Mail form and spamming
Avoid spammers taking control of your mail forms!
Spammers can use your contact form to send spam to other users than the users you have specified!
Spammers have bots searching the web for contact and email forms.
By following these two simple steps will prevent your website's contact form from turning into a spam machine.
Step 1
The oldest and most obvious error to make is applying a "TO" parameter in your html form
<form>
<input type="hidden" name="to" value="myAdress@example.com" >
<input type="text" name="message" />
<input type="submit">
</form>
This is a big no-no. Use a serverside validation of who the email should be sent to.

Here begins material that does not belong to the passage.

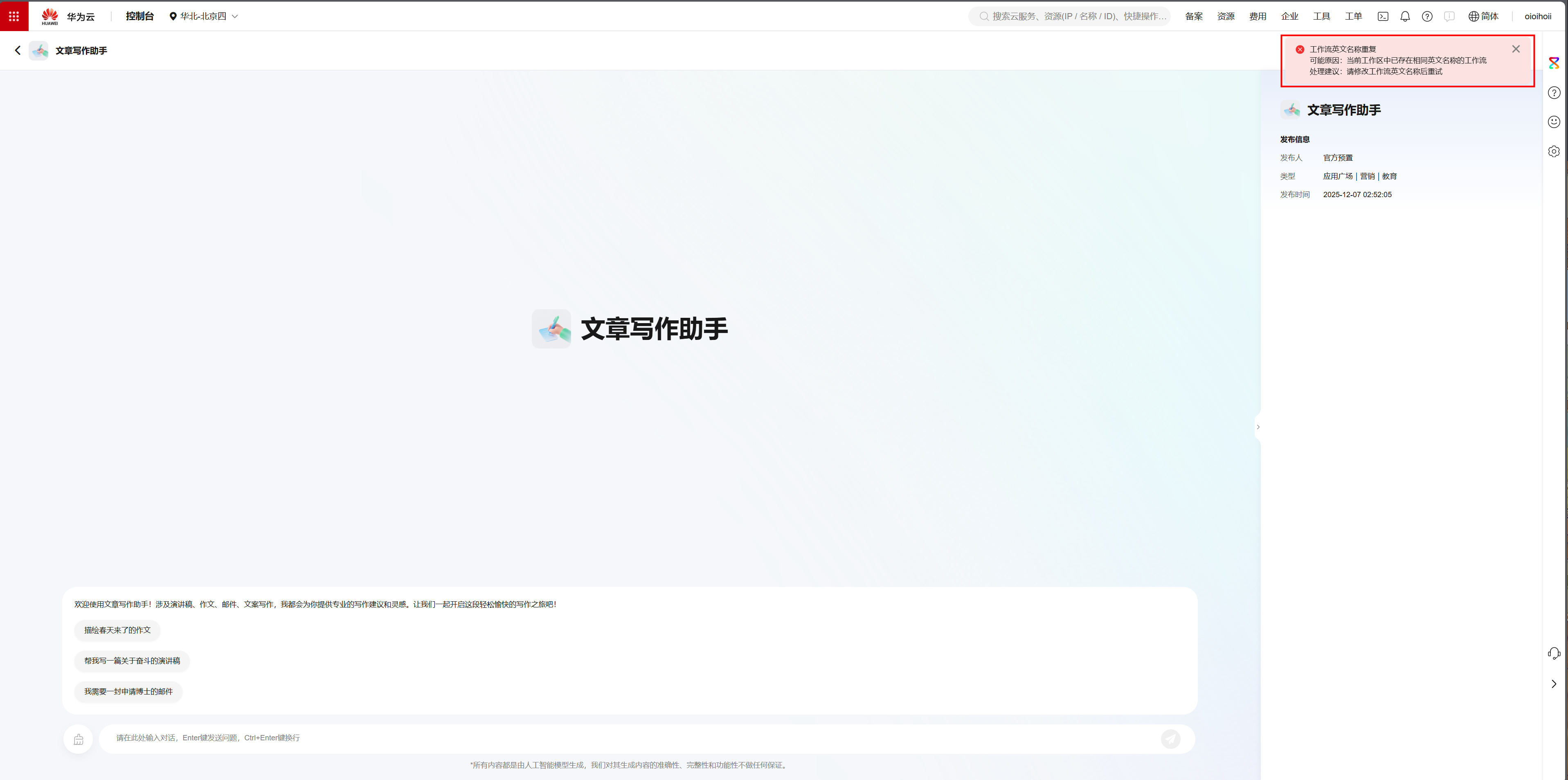 具体情况如下图,我的个人看法是,名称不应该作为区分的标识,对于智能体而言,我自己创建的极可能也叫文章写作助手,无法复制后我需要很多步骤操作后才能操作成功,这从用户的角度来看不合理!

Example of serverside validation of email recievers:
<form>
<input type="hidden" name="to" value="scott" >
<input type="text" name="message" />
<input type="submit">
</form>
Note that there is no email adress in the form.
String to = request.getParameter("TO");
if(to.equals("scott")){
to = "scott@example.com";
}else{
//do some errorhandling...
}
On the serverside you can check if the TO parameter is valid, if not you can take some action.
Step 2
This next step is one of the trickey ones
You must "clean" every input field that is sent from the form, this includes optional fields like telephone, fax, message, subject, from, yes every input field that you use.
I'm not going to reveal any details on how the spammer can exploit inputfields, but by removing any charaters like "\n", "\r", "\t", "==" and "rfc822" from the users input, reduces the spammers chances by succeding in spamming.